Die Schweizer Landwirtschaft steht an einem Wendepunkt. Neue Technologien und innovative Ansätze versprechen eine nachhaltigere und effizientere Lebensmittelproduktion. Von autonomen Robotern, die Unkraut bekämpfen, bis hin zu digitalen Marktplätzen gegen Lebensmittelverschwendung – der Fortschritt ist greifbar. Diese Entwicklungen wurden kürzlich auf dem Forum Swiss Future Farm in Tänikon diskutiert, wo Fachleute aus verschiedenen Bereichen zusammenkamen, um die Zukunft der Ernährungswirtschaft zu gestalten.
Wichtige Erkenntnisse
- Autonome Roboter reduzieren den Einsatz von Pestiziden und Handarbeit.
- Künstliche Intelligenz und Drohnen optimieren die Unkrauterkennung.
- Digitale Marktplätze bekämpfen Lebensmittelverschwendung effizient.
- Klimaneutrale Landwirtschaft ist durch CO₂-Speicherung im Boden erreichbar.
- Finanzielle Anreize sind nötig, um die Grundversorgung weltweit zu sichern.
Roboter im Feld: Präzision statt Pestizide
Der Einsatz von Robotern revolutioniert die Unkrautbekämpfung. Dies ist besonders wichtig für die Biolandwirtschaft, wo Handarbeit teuer und Personal Mangelware ist. Daniel Vetterli von der Vetterlifarm setzt seit 2020 auf den Roboter „FarmDroid“ im Biozuckerrübenanbau. Dieser Roboter jätet autonom die Zwischenräume der Pflanzen und reduziert die nötige Handarbeit um bis zu 50 Prozent.

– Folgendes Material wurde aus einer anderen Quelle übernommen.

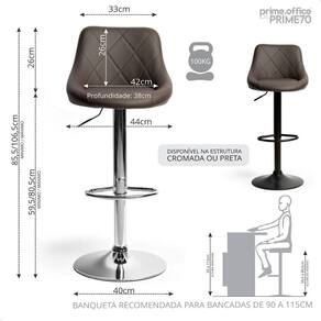 Sua estrutura em aço carbono está disponível em dois acabamentos refinados: preto fosco e cromado, garantindo resistência e durabilidade. O modelo é giratório em 360 e possui ajuste de altura de até 20 cm, permitindo adaptação perfeita à sua bancada.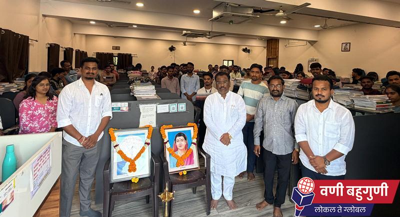 बहुगुणी डेस्क, वणी: संजय खाडे फाउंडेशन संचालित स्व. रामचंद्र खाडे स्मृतीशेष महात्मा फुले अभ्यासिकेत महात्मा फुले जयंती उत्साहात साजरी करण्यात आली. दिनांक 11 एप्रिल 2026 रोजी सकाळी 11 वाजता आयोजित कार्यक्रमाला अभ्यासिकेतील सर्व विद्यार्थी उपस्थित होते. कार्यक्रमाची सुरुवात मान्यवरांच्या हस्ते दीप प्रज्वलन व महात्मा फुले यांच्या प्रतिमेला पुष्पहार अर्पण करून करण्यात आली. यावेळी संजय खाडे व वैभव ठाकरे यांनी विद्यार्थ्यांना मार्गदर्शन केले, तर ईश्वर खाडे व धनंजय खाडे यांची विशेष अतिथी म्हणून उपस्थिती होती.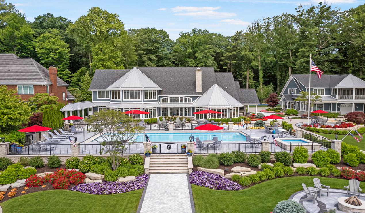 Beautiful brick Georgian Cape with five bedrooms including a first floor owner suite with new bath, three and a half baths, and stunning updates throughout. Gourmet kitchen with high-end appliances, custom cabinetry, and three sinks. Features include a grand two-story foyer, hardwood floors, finished basement with full bath, designer patio, heated three-car garage, bonus lawn garage, and premium landscaping on a half-acre in a prime neighborhood. Listed by Christopher Frederick with Coldwell Banker Schmidt Realty.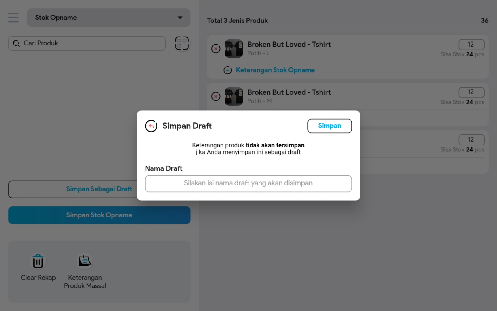 Atau scan produk (klik icon scan produk) yang akan dihitung stoknya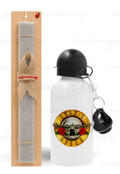 Guns N' Roses, Easter Set, metallic aluminum water bottle (500ml) & aromatic flat Easter candle (30cm) (GRAY)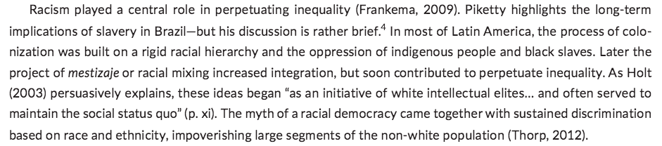 También: a ⬆️ porcentaje de 'mestizos'/'mulatos' ⬆️ desigualdad racial.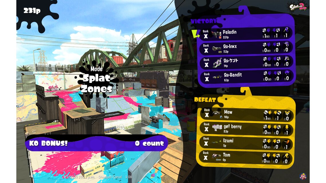 | Mode | Splat Zones - Private Battle | |||||||||||||||||||||||||||||||||||||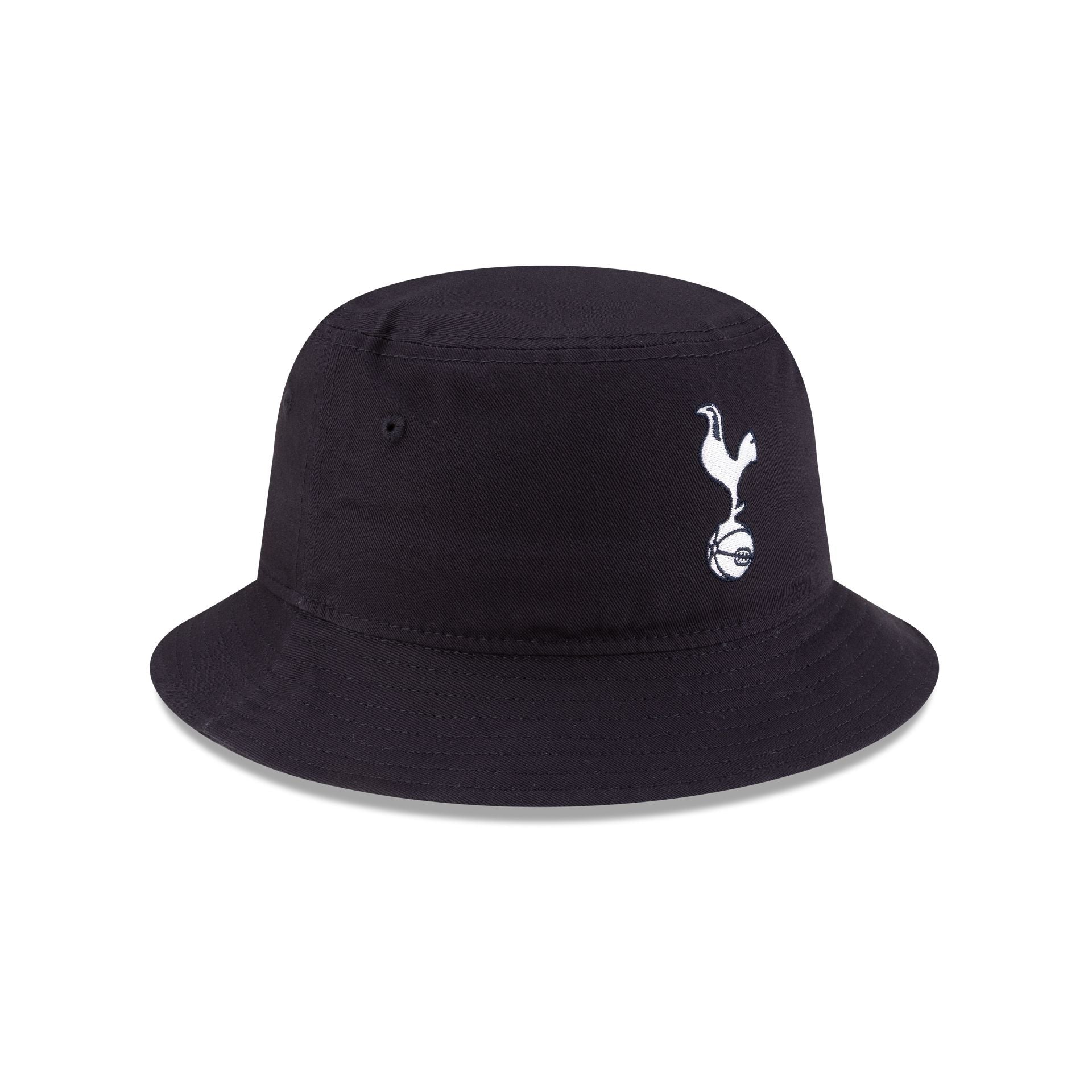 The Tottenham Hotspur FC Cotton Navy Bucket Hat features an embroidered Tottenham logo at the front with a New Era Flag at the left-wear side.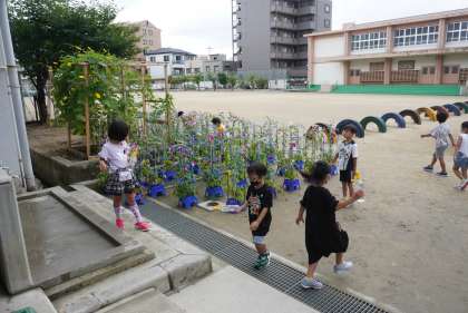 1年生の水やり風景です。このあと1年生はプールに入ります。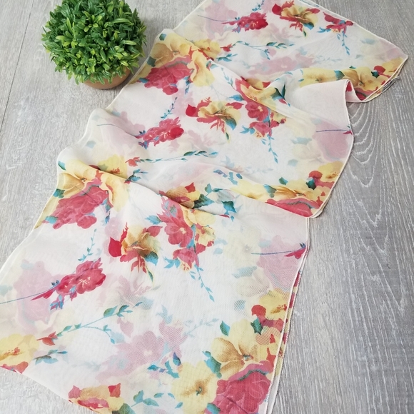 This is a pretty Springtime scarf that's full of color! Pair with a blouse, dress up a denim jacket...this beautiful scarf will add a pop to whatever you choose! Wonderful condition with only 1 tiny call out pointed out in photo.....13 X64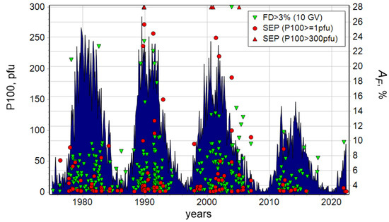 Along with SEP events, Forbush effects or Forbush decreases (FD)—changes in the density and anisotropy of cosmic rays (CR) [21,22,23,24,25]—also often represent the consequences of sporadic processes on the Sun; they are observed after the ejections of solar matter usually associated with solar flares. Despite the fact that SEPs are events in solar CRs, and FDs are events in galactic CRs, both phenomena are often associated with the same (usually) fast CME. Therefore, it is reasonable to assume that between the characteristics of these events there may exist, if not physical, at least statistical relationships. There are many works that establish statistical relationships between FD and CME characteristics (see, for example, Richardson and Cane [26], Belov et al. [27], Masías-Meza et al. [28], Papaioannou et al. [29], Abunina et al. [30], Melkumyan et al. [31]). In Belov et al. [32], the authors showed that in solar cycle 23, the CMEs that led to ground level enhancements (GLEs) of the solar CR flux with a high degree of probability also created large FDs (with amplitude () > 7%) in the Earth’s orbit, and induced very large geomagnetic storms. Henceforth, the amplitude of FDs () is calculated by the Global Survey Method (GSM, Belov et al. [33]) using the data of the worldwide network of neutron monitors for particles with a rigidity of 10 GV. This was especially pronounced for events with a solar source located in the central longitudinal range. Figure 1 shows the distribution in time and magnitude of FDs with 3% (right y-axis scale) and proton events with a maximum flux > 1 and >300 pfu (i.e., particle flux unit = 1 particle/cm sr s) for particles with energies E > 100 MeV (left y-axis scale) against the background of the sunspot number. Note that the magnitude of six large proton enhancements (29 September 1989, 19 October 1989, 22 October 1989, 14 July 2000, 8 November 2000, and 20 January 2005 with maximum fluxes of 559, 400, 380, 623, 451, and 650 pfu, respectively) are not shown in the figure (marked with red triangles). It can be seen from the figure that most often both large FDs and large SEPs occur at the maximum of solar activity, as anticipated.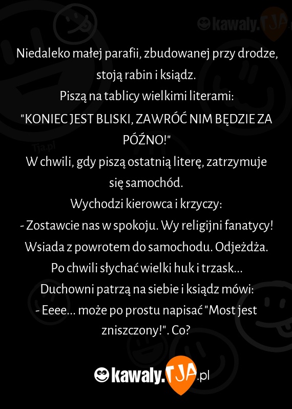 Niedaleko małej parafii, zbudowanej przy drodze, stoją rabin i ksiądz.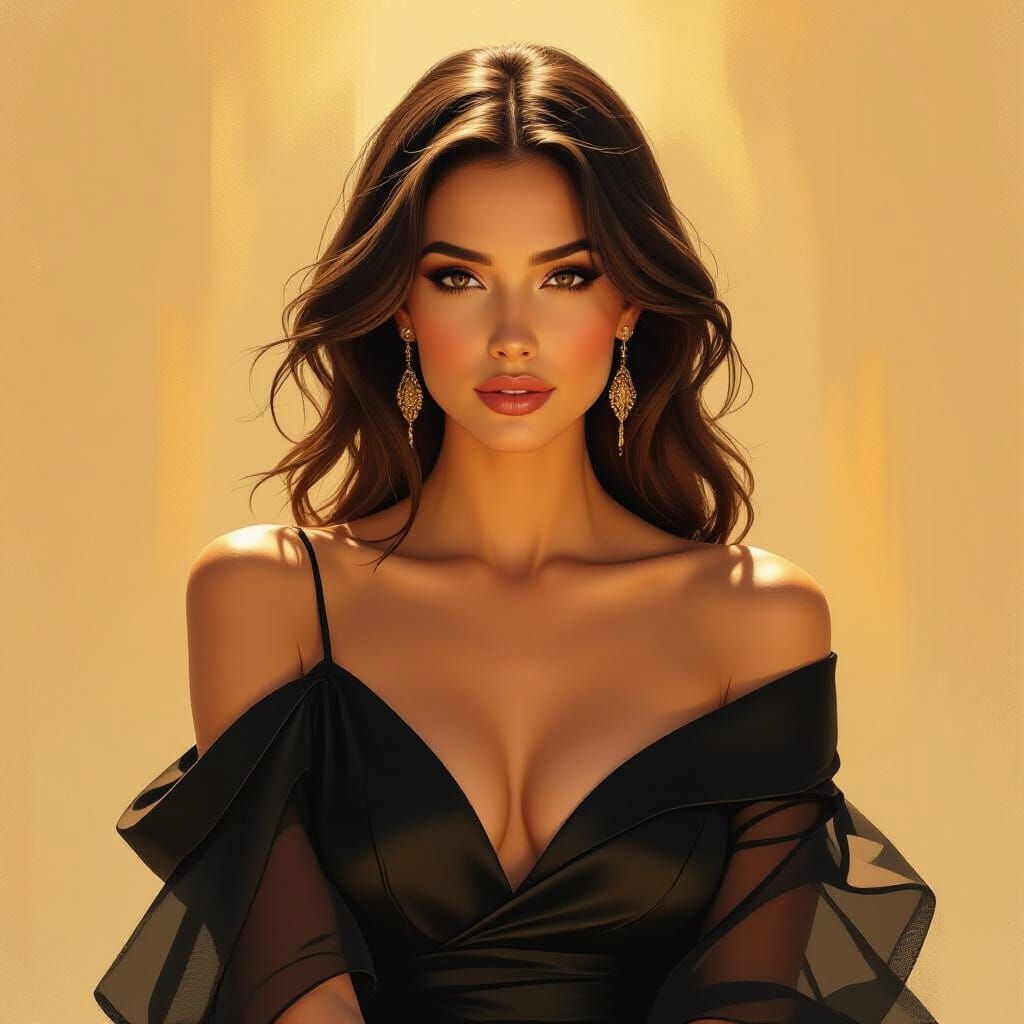 A portrait of an elegant woman in a refined setting, bathed in golden light. The image features intensive brushstrokes and flowing, layered textures in a painterly style.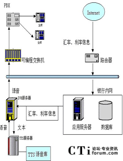 銀行可從網(wǎng)上下載匯率信息或利率信息,之后將這些信息的文本傳遞給IVR服務器,IVR會通過調用TTS服務器得到這些信息的語音流,之后就可以在坐席上播放這些匯率或利率的語音了。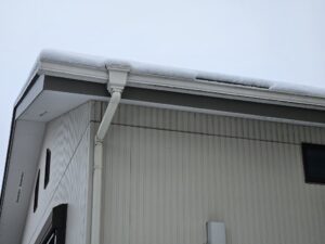 屋根にも積もりました。今回はこの屋根の庇のお話です。写真はわが家です。平屋なので比較的大きな庇をつけています。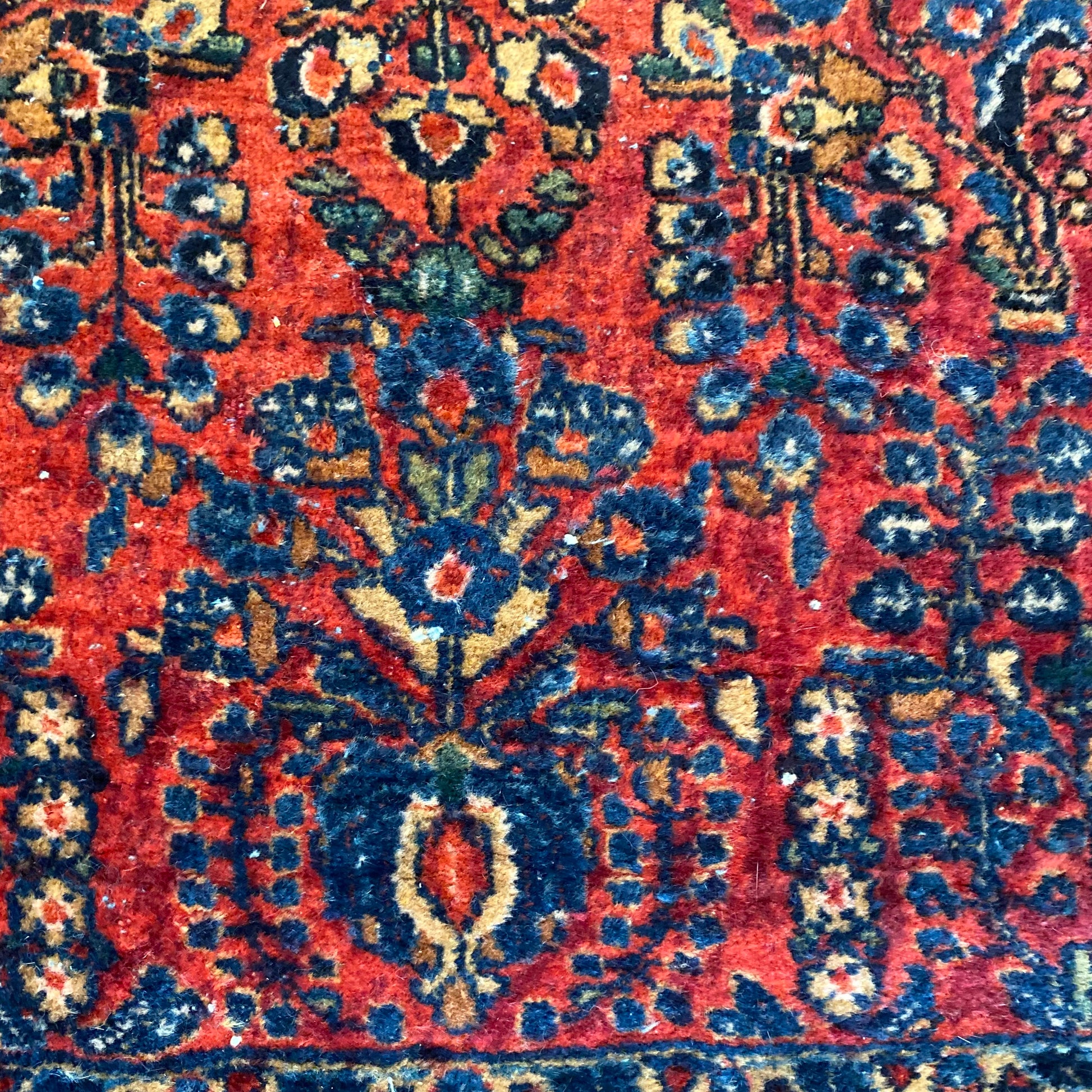This vintage rug is in very good condition. The design features an all-over floral pattern set in a dark pink field with blue and tan highlights. There is light wear throughout as seen in the photos.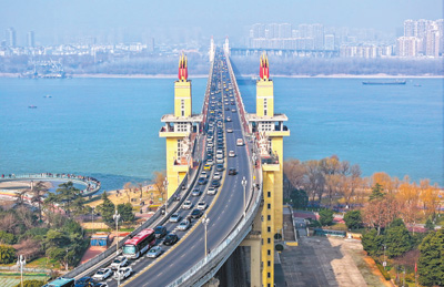 2月4日,春節假期的最後一天,南京長江大橋迎來返程車流高峰。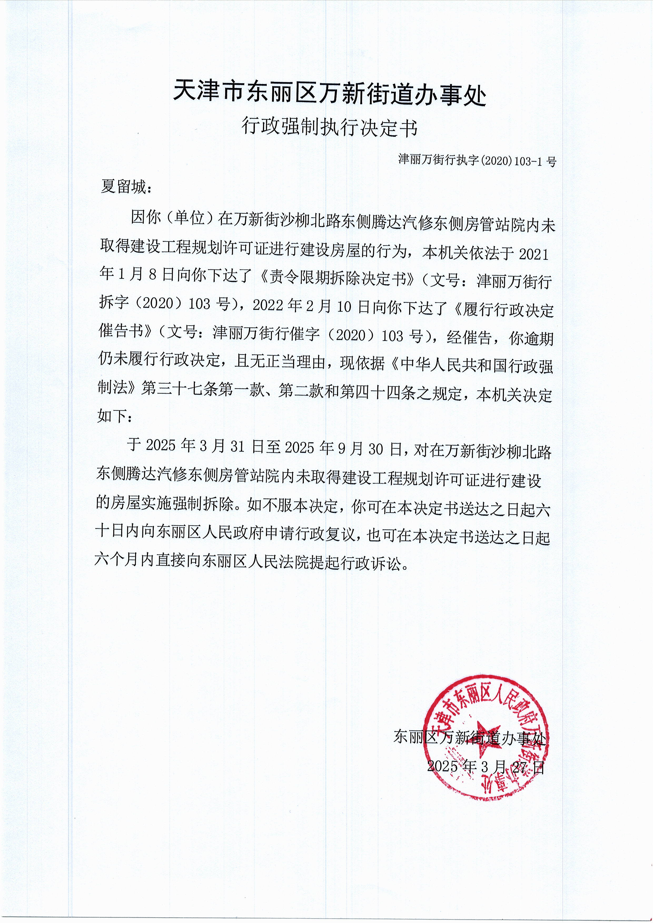 经查,你(单位)在万新街沙柳北路东侧腾达汽修东侧房管站院内未取得建设工程规划许可证进行建设建筑物(构筑物)的行为违反了《中华人民共和国城乡规划法》第四十条第一款和《天津市城乡规划条例》第五十二条、第六十二条第一款之规定,事实清楚,证据确凿。本机关依据《中华人民共和国城乡规划法》第六十四条和《天津市城乡规划条例》第七十三条之规定,于2021年1月8日向其下达《责令限期拆除决定书》(文号:津丽万街行拆字(2020)103号),责令你(单位)限期拆除上述违法建设。因你(单位)逾期未履行本机关作出的行政决定,依据《中华人民共和国行政强制法》第三十五条之规定,于2022年2月10日依法向其下达《履行行政决定催告书》(文号:津丽万街行催字(2020)103号),再次责令你(单位)限期拆除违法建设。经催告,你(单位)逾期仍未履行行政决定,且无正当理由,依据《中华人民共和国行政强制法》第三十七条第一款、第二款和第四十四条之规定,于2025年3月27日依法向其下达《行政强制执行决定书》(文号:津丽万街行执字(2020)103-1号)。

Ein weiteres Beispiel ist das ETH-Spin-off Caterra. CTO Radek Zenkl erklärte, dass ihr batteriebetriebener Roboter Unkraut mit Laserstrahlen beseitigt. Er navigiert voll autonom per GPS durch die Felder. Ein Deep-Learning-Algorithmus ermöglicht es dem Roboter, präzise zwischen Nutzpflanzen, Unkraut und Erde zu unterscheiden. Diese Technologie minimiert den Einsatz von Pflanzenschutzmitteln erheblich.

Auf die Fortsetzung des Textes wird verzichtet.